Has there ever been a large-scale Title 50 “war”?


----------



## GOTWA (Jan 3, 2021)

Teufel said:


> There is a big difference between a cyber intrusion and a cyber attack. One is espionage and the other is warfare. It can be difficult sometimes to define the two with widely accepted terms unfortunately.


Could you say that's by design? Seems that gives one an out when determining the response. The cyber side worries me like nothing else. It's far scarier than anything kinetic in my opinion.


----------



## TYW27 (Jan 3, 2021)

Gunz said:


> Response to any Level 4 or Level 5 cyber attack should be full-spectrum retaliation. Whatever you have that still functions, pull the chain.



I am not even sure what those are - gonna have to do some research!


----------



## Teufel (Jan 3, 2021)

lindy said:


> Has there ever been a large-scale Title 50 “war”?


It depends on how you define large scale but I think US operations in central America during the cold war and Afghanistan during the Russian occupation qualify.


----------



## frostyred (Jan 3, 2021)

GOTWA said:


> Could you say that's by design? Seems that gives one an out when determining the response. The cyber side worries me like nothing else. It's far scarier than anything kinetic in my opinion.


I mean, it shouldn't. We have to take the same mentality as big companies such as Microsoft and assume that either networks have already been compromised (which, in most of these instances, is true) and mitigate what we can. Informationalized warfare is a bitch because it's got so, so many more vectors of attack.


----------



## Teufel (Jan 3, 2021)

GOTWA said:


> Could you say that's by design? Seems that gives one an out when determining the response. The cyber side worries me like nothing else. It's far scarier than anything kinetic in my opinion.


Think of it this way. How would you define an operation to steal some classified files on some emerging technology? There are a number of ways you can do this but I think we would all call this an intelligence operation. You an bribe someone to give you the files, sneak into the office, spy on the office with a telephoto lens, and etc. It's all espionage. What's the difference between that and a cyber intrusion? Conceptually nothing. The objective is not the problem here but the scale. These hackers aren't just stealing one file, they are stealing thousands of files with one fell swoop. This is what makes it hard to define. You can't call something an attack if the intruder didn't actually attack anything.


----------



## Teufel (Jan 3, 2021)

I think the international community defines a cyber attack as an action in cyberspace that destroys or manipulates something. This can be physical destruction, like when Stuxnet destroyed a centrifuge in an Iranian nuclear facility, or cyber destruction like when the US deleted a Hezbollah database after they took over a British tanker. Denying someone service, like what Russia did to Estonia a few years back, also qualifies. I think that we need to define a third category. Hacking into a military target like the Pentagon is one thing but hacking into our critical infrastructure is another. Where do you put the red lines? What do you do when someone crosses them? Do you respond in kind or with a kinetic attack? No one has good answers to these questions.


----------



## TYW27 (Jan 3, 2021)

GOTWA said:


> Could you say that's by design? Seems that gives one an out when determining the response. The cyber side worries me like nothing else. It's far scarier than anything kinetic in my opinion.

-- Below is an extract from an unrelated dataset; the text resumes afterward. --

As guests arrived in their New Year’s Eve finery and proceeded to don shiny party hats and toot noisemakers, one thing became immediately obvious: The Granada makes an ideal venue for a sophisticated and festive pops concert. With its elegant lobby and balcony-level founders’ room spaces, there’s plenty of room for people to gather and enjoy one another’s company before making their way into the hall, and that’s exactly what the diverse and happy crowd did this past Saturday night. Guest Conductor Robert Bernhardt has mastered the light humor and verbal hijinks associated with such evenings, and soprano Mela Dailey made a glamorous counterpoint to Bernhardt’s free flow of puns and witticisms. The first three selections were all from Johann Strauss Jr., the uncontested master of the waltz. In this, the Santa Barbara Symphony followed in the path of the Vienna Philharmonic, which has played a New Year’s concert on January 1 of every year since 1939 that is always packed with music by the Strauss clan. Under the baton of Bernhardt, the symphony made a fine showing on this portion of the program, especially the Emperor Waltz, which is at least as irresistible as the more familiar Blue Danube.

100%. Same here. I believe this will be the next equivalent to a nuclear arms race. And we probably have no idea how bad a cyber attack can be until someone else pulls the cyber trigger.

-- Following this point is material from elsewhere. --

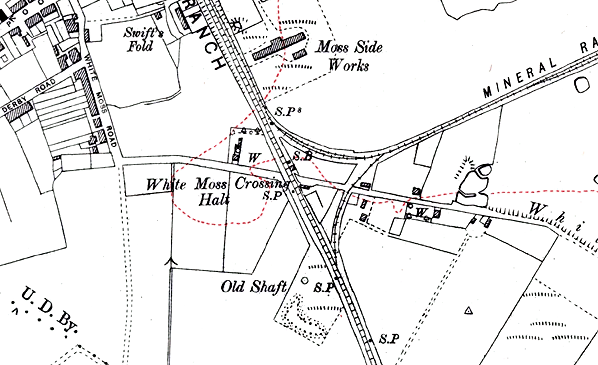Sometime before 1865 a branch was opened from White Moss Lane to White Moss Colliery. The branch ran east from White Moss Lane and had connections to the main line running north and south which formed a triangle. White Moss Lane had two level crossing one of which carried the main line over the road and the other slightly to the east which carried the south to east spur of the colliery line.

I read the article NPR put out about fighting ISIS through the Cyber realm. They (ISIS) had their own IT admins and an entire TEAM of IT?! And look how much they could do. Now scale that up to a Cyber army of about 100 people. Scale the technology and capabilities up and....yea that’s a scary picture.


----------



## frostyred (Jan 3, 2021)

Teufel said:


> I think the international community defines a cyber attack as an action in cyberspace that destroys or manipulates something. This can be physical destruction, like when Stuxnet destroyed a centrifuge in an Iranian nuclear facility, or cyber destruction like when the US deleted a Hezbollah database after they took over a British tanker. Denying someone service, like what Russia did to Estonia a few years back, also qualifies. I think that we need to define a third category. Hacking into a military target like the Pentagon is one thing but hacking into our critical infrastructure is another. Where do you put the red lines? What do you do when someone crosses them? Do you respond in kind or with a kinetic attack? No one has good answers to these questions.

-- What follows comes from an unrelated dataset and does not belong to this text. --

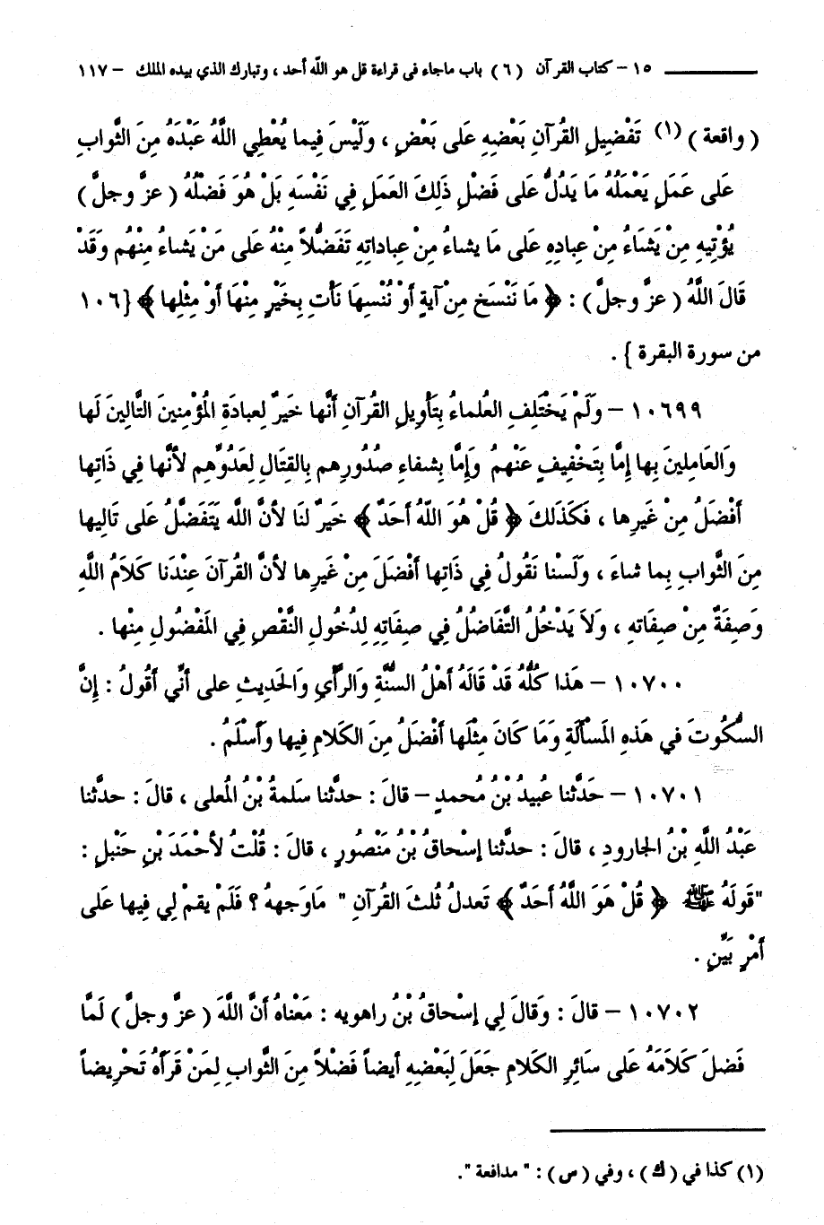 10701 - حَدَّثَنَا عُبَيْدُ بْنُ مُحَمَّدٍ قَالَ: حَدَّثَنَا سَلَمَةُ بْنُ الْمُعَلَّى قَالَ: حَدَّثَنَا عَبْدُ اللَّهِ بْنُ الْجَارُودِ قَالَ: حَدَّثَنَا إِسْحَاقُ بْنُ مَنْصُورٍ قَالَ: قُلْتُ لِأَحْمَدَ بْنِ حَنْبَلٍ: قَوْلُهُ "قُلْ هُوَ اللَّهُ أَحَدٌ " تَعْدِلُ ثُلُثَ الْقُرْآنِ، مَا وَجْهُهُ ؟ فَلَمْ يَقُمْ لِي فِيهَا عَلَى أَمْرٍ بَيِّنٍ.

I think the argument there is that it depends on who/what body does it, right? At least, from a policy standpoint.

This is part of the reason I'm happy the Pentagon is finally figuring out their shiz re: information warfare, because it should lead to us having a clearer direction on how to respond to things; as the military figures out what it's left and right limits are regarding who they're pew-pewing with data guns, the rest of the country will probably follow suit. 

How the Defense Department is reorganizing for information warfare

Which is also why I love how ARCYBER is oriented, or at least how Fogerty is pushing.

https://www.c4isrnet.com/smr/inform...tlines-ten-year-plan-for-information-warfare/


----------



## Gunz (Jan 3, 2021)

The attack levels were defined during the Obama administration with Level 5 being a catastrophic cyber attack on military and infrastructure networks, an attack that could likely, directly or indirectly, cause death and destruction.

And as far as response, I suppose it would depends on the amount of damage caused by the attack. A severe cyber attack on critical infrastructure that endangers lives and causes mass chaos ought to warrant full military retaliation. Just my 2c


----------



## frostyred (Jan 3, 2021)

Gunz said:


> The PRC’s invested billions in the technology. No doubt the Russians are engaged in R&D, as are government and private sector entities in the US and elsewhere; Google, IBM and others working on the computers themselves and various research groups working on the antidotal PQC.


Anyone who wants to learn about how China's using data in lots of scary ways should listen/read to AI Superpowers, very interesting for the person who doesn't know much about China and their cyber/data related exploits.


----------



## Kheenbish (Jan 3, 2021)

Teufel said:


> I think the international community defines a cyber attack as an action in cyberspace that destroys or manipulates something.


Having worked in the private and military areas for cybersecurity, each sector seems to define the actions differently for different purposes. 

From what I've experienced, a cyber attack defined in the private sector is an action taken to gain access or disable an operation launched from one computer to another.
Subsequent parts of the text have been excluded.